MATERIALS AND METHODS

Antimicrobial test agents.

Commercially available ertapenem (Invanz, Merck & Co., Inc., Whitehouse Station, NJ), doripenem (Doribax; Janssen Pharmaceuticals, Inc., Raritan, NJ), ceftazidime (Fortaz; GlaxoSmithKline, Philadelphia, PA), aztreonam (Azactam; Bristol-Myers Squibb, Princeton, NJ), and levofloxacin (Sagent Pharmaceuticals, Schaumburg, IL) were obtained from the pharmacy department at Hartford Hospital for use in all in vivo experiments. Each drug was reconstituted according to the manufacturer's prescribing information and then further diluted in normal saline to the concentrations required for dosing. Dosing solutions were prepared just prior to each experiment, stored under refrigeration, and discarded after 24 h.

Bacterial isolates.

An isogenic pair consisting of a wild-type K. pneumoniae strain (KP 454) and an NDM-1-producing strain derived by conjugation and four clinical NDM-1-producing Enterobacteriaceae isolates (EC 389, EC 393, KP 425, and KP 450) were provided by Patrice Nordmann, Hospital Bicêtre (Le Kremlin-Bicêtre, France) (10). The ertapenem and doripenem MICs for these isolates were determined via Etest (AB bioMérieux, Solna, Sweden) according to the manufacturer's instructions. The MICs of ceftazidime, aztreonam, and levofloxacin for these isolates were determined by broth microdilution consistent with the Clinical and Laboratory Standards Institute (CLSI) methodology (12). Pseudomonas aeruginosa ATCC 27853 was used as the quality control strain for all three agents evaluated by broth microdilution. MIC determinations were conducted in triplicate, and MICs are reported as modal values unless otherwise noted. Four additional clinical NDM-1-producing Enterobacteriaceae isolates (KP 476, KP 477, KP 478, and ECL 70) were kindly provided by Christine Lascols, International Health Management Associates, Inc. (Schaumburg, IL) (13). The MICs of all five of the agents evaluated were determined by broth microdilution as outlined above. All of the isolates were screened for KPC, OXA-48-like, VIM, IMP, and NDM carbapenemases, as well for extended-spectrum β-lactamases (TEM, SHV, and CTX-M) and AmpC β-lactamases (CMY, DHA, FOX, MOX, ACC, and ACT), as previously described (13). Isolates were stored at −80°C in double-strength skim milk (Remel, Lenexa, KS). Prior to each in vivo experiment, isolates were subcultured twice onto Trypticase soy agar with 5% sheep blood (BD Biosciences, Sparks, MD) and incubated at 35°C for 18 to 24 h.

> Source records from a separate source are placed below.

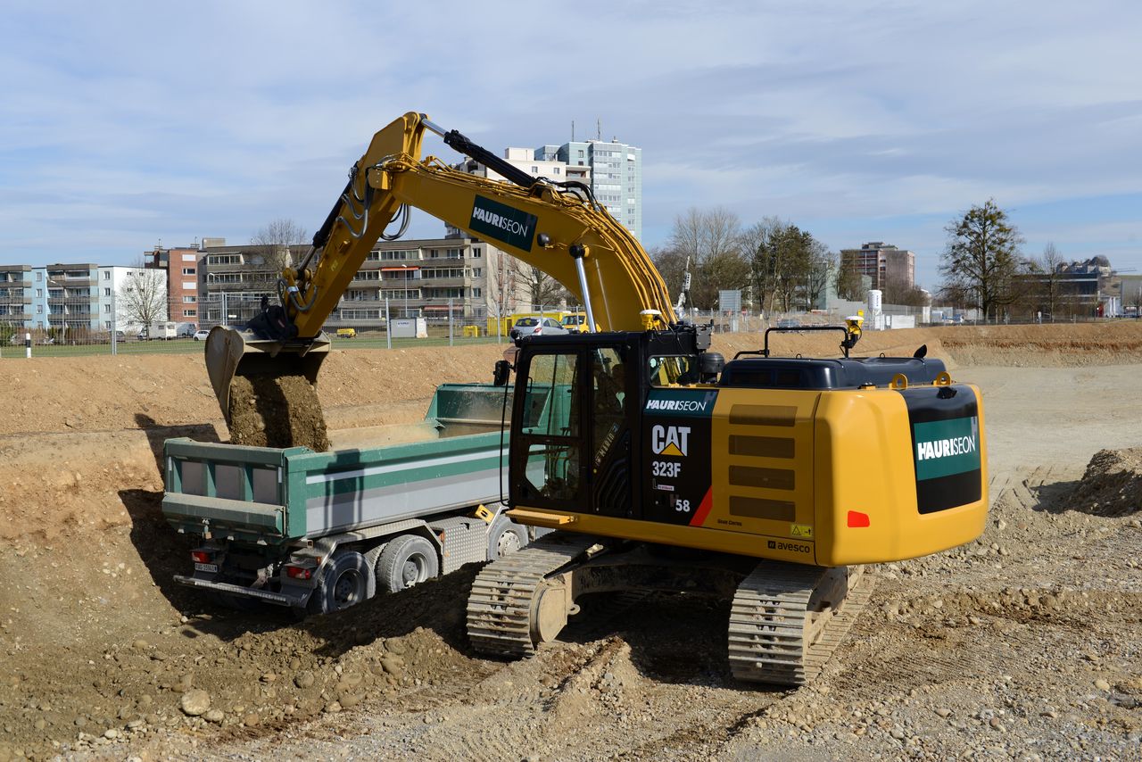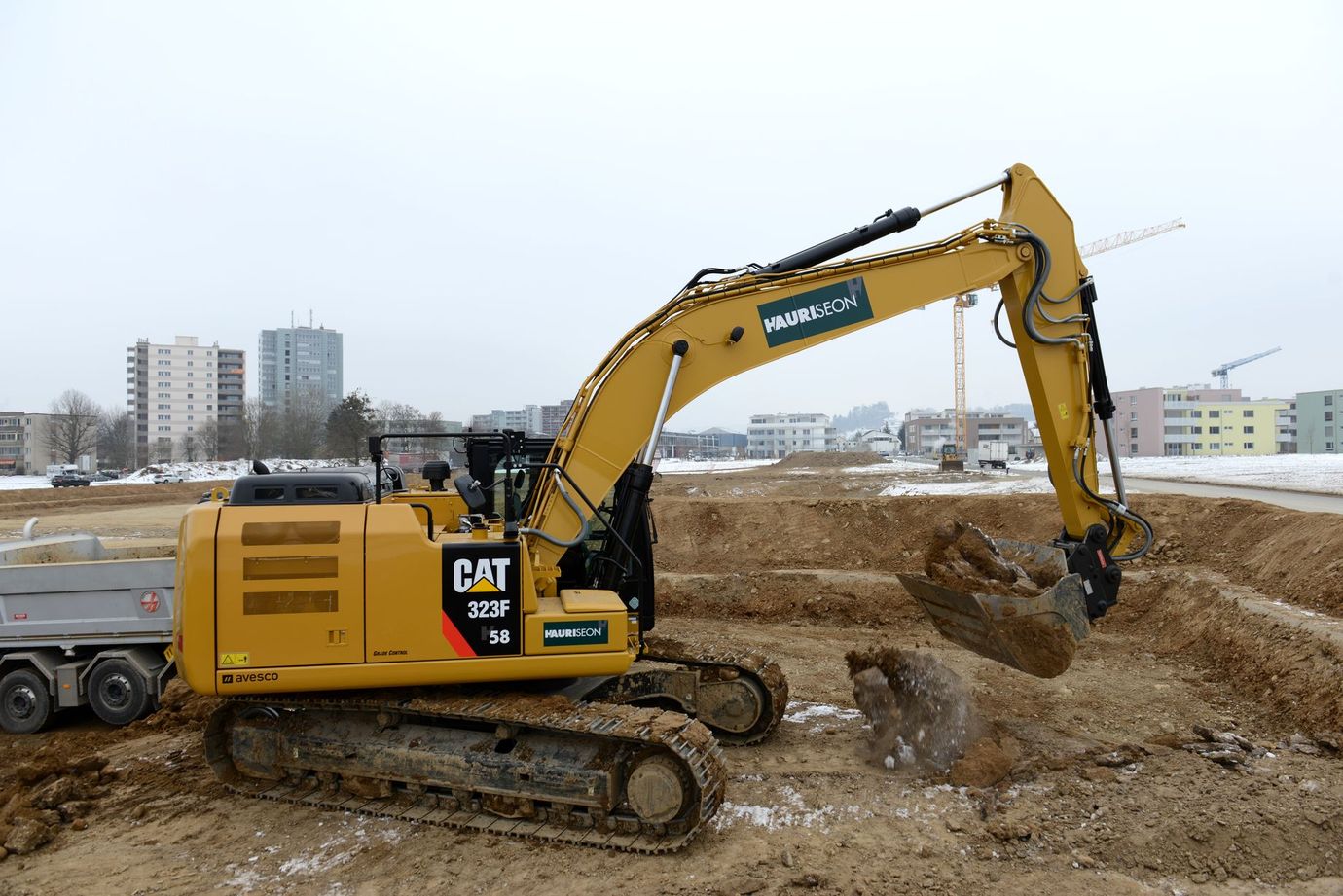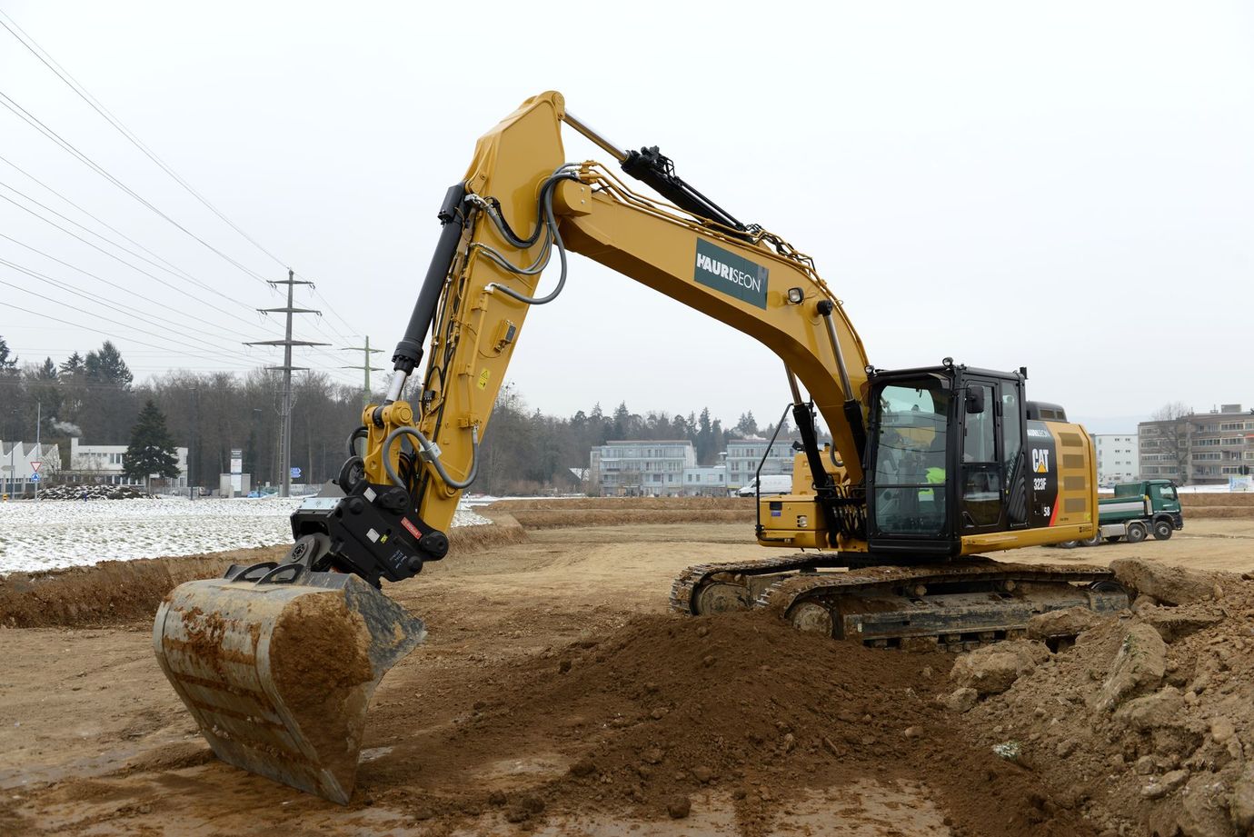 Ein Caterpillar 323F L der Schmitz Straßen- und Tiefbau GmbH bei Erschließungsarbeiten in Heede:
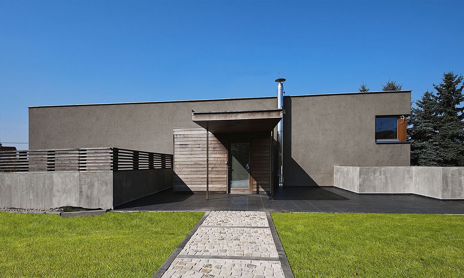 Na protáhlém úzkém pozemku v malé obci, lemovaném ze tří stran komunikacemi a „utopeném“ pod bývalou hrází mlýna, si na první pohled málokdo dokázal představit stavbu rodinného domu. 80 m dlouhá parcela, orientovaná směrem severovýchod – jihozápad, se navíc směrem ke kratším stranám zužuje a ve střední části, kde jedině bylo možné dům umístit, dosahuje výškový rozdíl mezi úrovní pozemku a přístupové komunikace přes 2 m.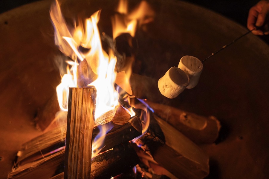 夜は共有の焚火スペースで、アウトドアの定番・焼きマシュマロ体験。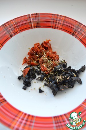 Мелко нарежьте маслины и вяленые томаты, добавьте итальянские травы

Immunocompetent-mouse thigh infection model.

This study was reviewed and approved by the Institutional Animal Care and Use Committee at Hartford Hospital, Hartford, CT. Pathogen-free ICR mice weighing 20 to 22 g were acquired from Harlan Laboratories (Indianapolis, IN). All animals were maintained in accordance with the National Research Council's recommendations and were provided food and water ad libitum. Three days prior to inoculation for in vivo experiments, an intraperitoneal injection of uranyl nitrate (5 mg/kg) was given to produce a predictable level of renal impairment in order to slow antibiotic clearance (14). Two hours prior to the initiation of antimicrobial therapy, both thighs of each animal were inoculated intramuscularly with 0.1 ml of an inoculum solution containing the test isolate at 108 CFU/ml of normal saline.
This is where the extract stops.